┌──

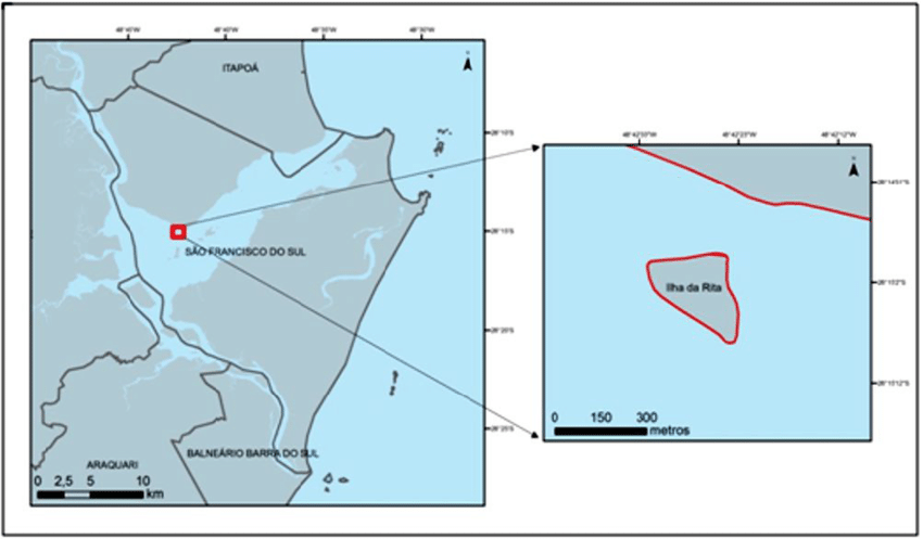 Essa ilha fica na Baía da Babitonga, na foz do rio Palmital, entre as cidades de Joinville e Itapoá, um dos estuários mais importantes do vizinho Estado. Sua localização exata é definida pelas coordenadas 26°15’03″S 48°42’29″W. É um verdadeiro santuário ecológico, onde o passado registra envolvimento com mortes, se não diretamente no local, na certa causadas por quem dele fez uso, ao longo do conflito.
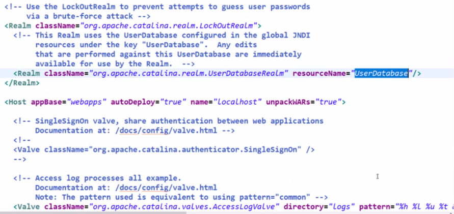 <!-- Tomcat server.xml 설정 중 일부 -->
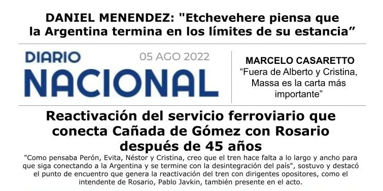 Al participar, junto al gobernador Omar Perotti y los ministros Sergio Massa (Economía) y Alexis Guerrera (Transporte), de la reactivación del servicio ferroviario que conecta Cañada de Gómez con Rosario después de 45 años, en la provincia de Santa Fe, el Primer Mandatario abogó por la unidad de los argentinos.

└──
┌──

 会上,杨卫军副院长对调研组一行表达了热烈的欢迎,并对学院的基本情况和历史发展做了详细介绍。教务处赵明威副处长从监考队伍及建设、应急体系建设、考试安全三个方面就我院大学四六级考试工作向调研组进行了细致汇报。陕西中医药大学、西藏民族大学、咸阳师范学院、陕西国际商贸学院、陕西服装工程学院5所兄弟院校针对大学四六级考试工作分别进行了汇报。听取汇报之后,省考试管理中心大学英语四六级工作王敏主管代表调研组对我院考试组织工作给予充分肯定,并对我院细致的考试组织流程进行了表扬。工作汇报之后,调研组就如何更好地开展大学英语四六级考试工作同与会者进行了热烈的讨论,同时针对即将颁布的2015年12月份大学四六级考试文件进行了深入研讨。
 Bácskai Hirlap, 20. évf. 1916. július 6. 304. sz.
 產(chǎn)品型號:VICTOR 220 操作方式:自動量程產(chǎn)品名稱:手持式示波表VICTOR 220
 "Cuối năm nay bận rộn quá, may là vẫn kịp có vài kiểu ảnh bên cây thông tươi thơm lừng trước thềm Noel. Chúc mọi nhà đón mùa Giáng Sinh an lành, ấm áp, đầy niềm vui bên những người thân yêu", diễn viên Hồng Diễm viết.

└──
┌──

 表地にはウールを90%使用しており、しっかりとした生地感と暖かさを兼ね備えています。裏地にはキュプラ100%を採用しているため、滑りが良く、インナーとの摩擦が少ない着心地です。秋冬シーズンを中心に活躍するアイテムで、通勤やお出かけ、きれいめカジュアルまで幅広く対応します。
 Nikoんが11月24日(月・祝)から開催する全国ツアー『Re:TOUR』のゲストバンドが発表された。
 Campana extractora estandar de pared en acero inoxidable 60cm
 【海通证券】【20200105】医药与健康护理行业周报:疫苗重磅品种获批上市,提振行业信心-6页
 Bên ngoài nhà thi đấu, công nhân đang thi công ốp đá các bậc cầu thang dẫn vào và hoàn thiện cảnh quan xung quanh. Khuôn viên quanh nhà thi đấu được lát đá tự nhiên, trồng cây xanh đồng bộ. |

└──

__Problem details__
All that is wanted is the stretch of lines above from the one containing "Bácskai Hirlap, 20." through the one containing "Hồng Diễm viết.", duplicated exactly.

__Output__
 Bácskai Hirlap, 20. évf. 1916. július 6. 304. sz.
 產(chǎn)品型號:VICTOR 220 操作方式:自動量程產(chǎn)品名稱:手持式示波表VICTOR 220
 "Cuối năm nay bận rộn quá, may là vẫn kịp có vài kiểu ảnh bên cây thông tươi thơm lừng trước thềm Noel. Chúc mọi nhà đón mùa Giáng Sinh an lành, ấm áp, đầy niềm vui bên những người thân yêu", diễn viên Hồng Diễm viết.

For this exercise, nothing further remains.